Publication Ethics and Publication Malpractice Statement
The World Science Publisher is committed to upholding the highest standards of publication ethics and takes all possible measures against any publication malpractices. Authors submitting their works to WSP journals for publication as original articles attest that the submitted works represent their authors’ contributions and have not been copied or plagiarized in whole or in part from other works. The authors acknowledge that they have disclosed all and any actual or potential conflicts of interest with their work or partial benefits associated with it.
To inform WSP of alleged plagiarism, send email to email@example.com , and include the following information:
- The citation to the original paper. If the original paper is unpublished, please provide as much information as possible.
- The citation of the alleged plagiarizing paper.
- Copies of both papers if possible.
- Any other information that would help WSP to resolve the claim.
Duties of Authors
Authors of reports of original research should present an accurate account of the work performed as well as an objective discussion of its significance.

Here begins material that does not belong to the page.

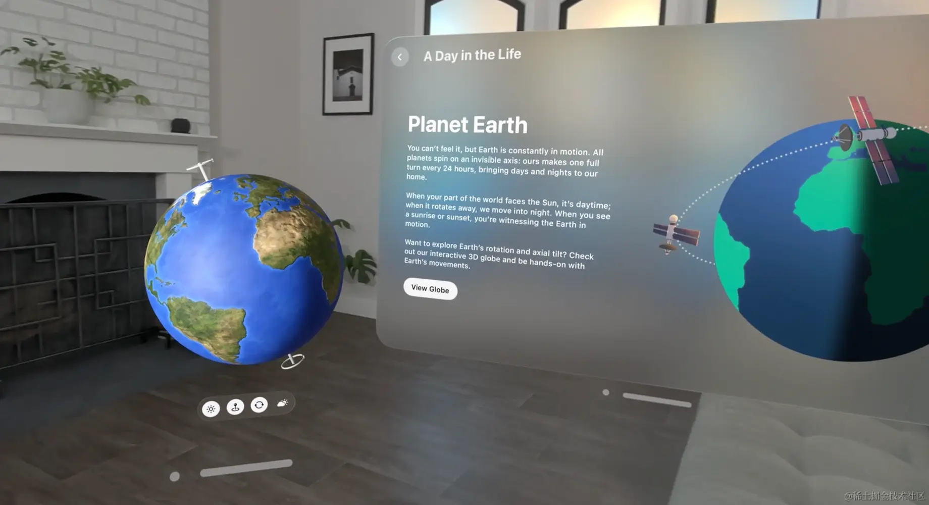 在这种场景下,visionOS会将使用者周围全部设置为可以放置UI元素的区域,周围的所有空间都可以作为开发者的“画布”,你可以在任意位置放置2D、3D模型。但是需要注意的是这种场景理论上只应创建一个。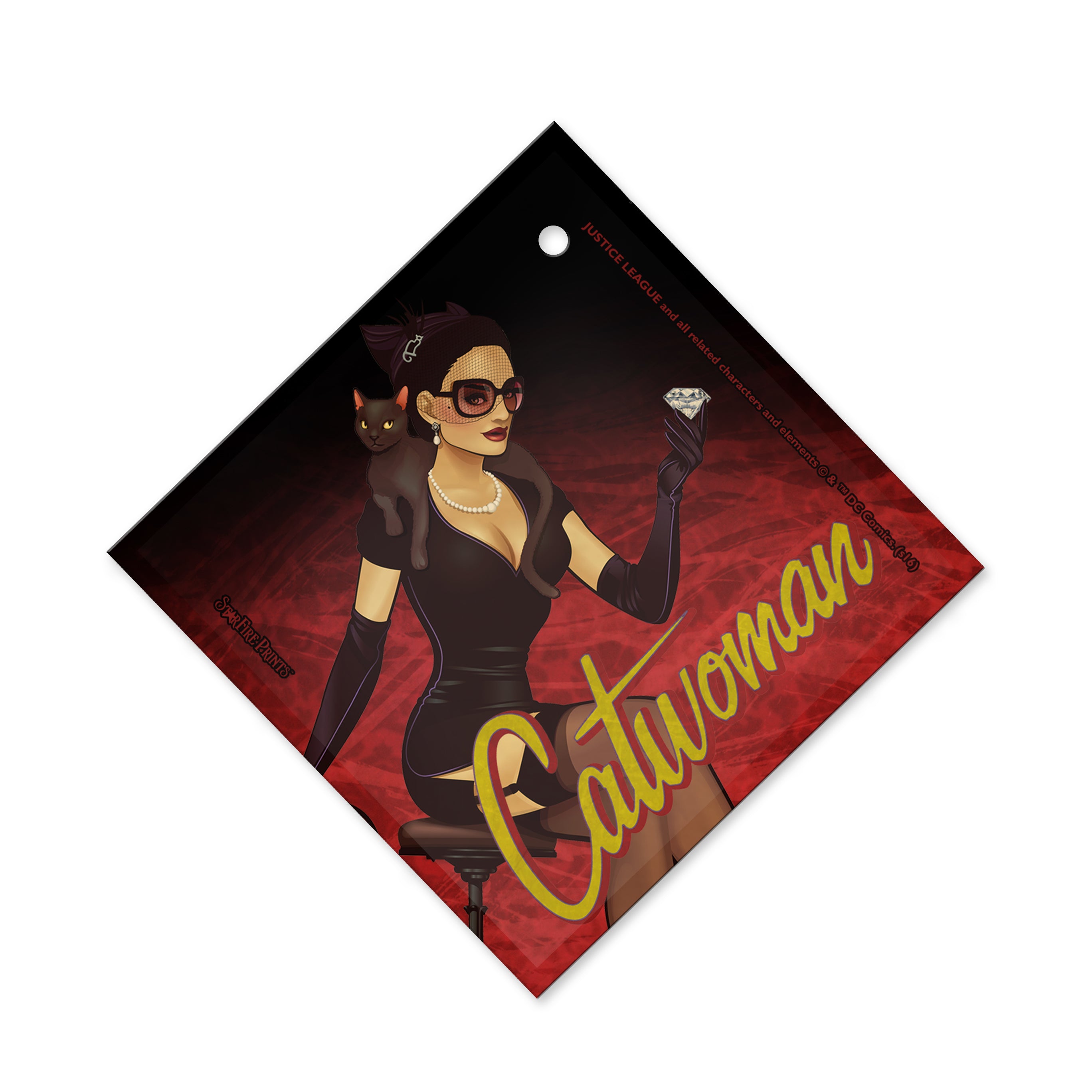 Catwoman is sleek, cool and (of course) holding a giant diamond and wearing a cat on her shoulders. Contessa Selina Digatti is 1940s glam, as she appears in the alternate Bombshells history of DC Comics. Bring the DC Bombshells to your home with this StarFire Prints™ Glass Art. This collectible print is translucent yet vibrant with color, features an officially licensed image of Catwoman.

Underlying data should be represented accurately in the paper. A paper should contain sufficient detail and references to permit others to replicate the work. Fraudulent or knowingly inaccurate statements constitute unethical behavior and are unacceptable.
Authors are asked to provide the raw data in connection with a paper for editorial review, and should be prepared to provide public access to such data, if practicable, and should in any event be prepared to retain such data for a reasonable time after publication.
The authors should ensure that they have written entirely original works, and if the authors have used the work or words of others that this has been appropriately cited or quoted.
An author should not publish manuscripts describing essentially the same research in more than one journal or primary publication. Submitting the same manuscript to more than one journal concurrently constitutes unethical publishing behavior and is unacceptable.
Proper acknowledgment of the work of others must always be given. Authors should cite publications that have been influential in determining the nature of the reported work.
Authorship should be limited to those who have made a significant contribution to the conception, design, execution, or interpretation of the reported study. All those who have made significant contributions should be listed as co-authors. Where there are others who have participated in certain substantive aspects of the research project, they should be acknowledged or listed as contributors. The corresponding author should ensure that all appropriate co-authors and no inappropriate co-authors are included on the paper, and that all co-authors have seen and approved the final version of the paper and have agreed to its submission for publication.
If the work involves chemicals, procedures or equipment that have any unusual hazards inherent in their use, the author must clearly identify these in the manuscript.
All authors should disclose in their manuscript any financial or other substantive conflict of interest that might be construed to influence the results or interpretation of their manuscript. All sources of financial support for the project should be disclosed.
When an author discovers a significant error or inaccuracy in his/her own published work, it is the author’s obligation to promptly notify the journal editor or publisher and cooperate with the editor to retract or correct the paper.
The editor of a journal has complete responsibility and authority to accept a submitted paper for publication or to reject it. The editor may confer with associate editors or reviewers for an evaluation to use in making this decision.
An editor should give prompt and unbiased consideration to all manuscripts offered for publication, judging each on its merits without regard to race, gender, religious belief, ethnic origin, citizenship, or political philosophy of the authors, and respecting the intellectual independence of the authors. Situations that may lead to real or perceived conflicts of interest should be avoided.
The editor and the editorial staff should not disclose any information about a manuscript under consideration to anyone other than reviewers and potential reviewers. Unpublished information, arguments, or interpretations disclosed in a submitted manuscript should not be used in an editor’s own research except with the consent of the author.
An editor presented with convincing evidence that the substance or conclusions of a published paper are erroneous should promote the publication of a correction or retraction.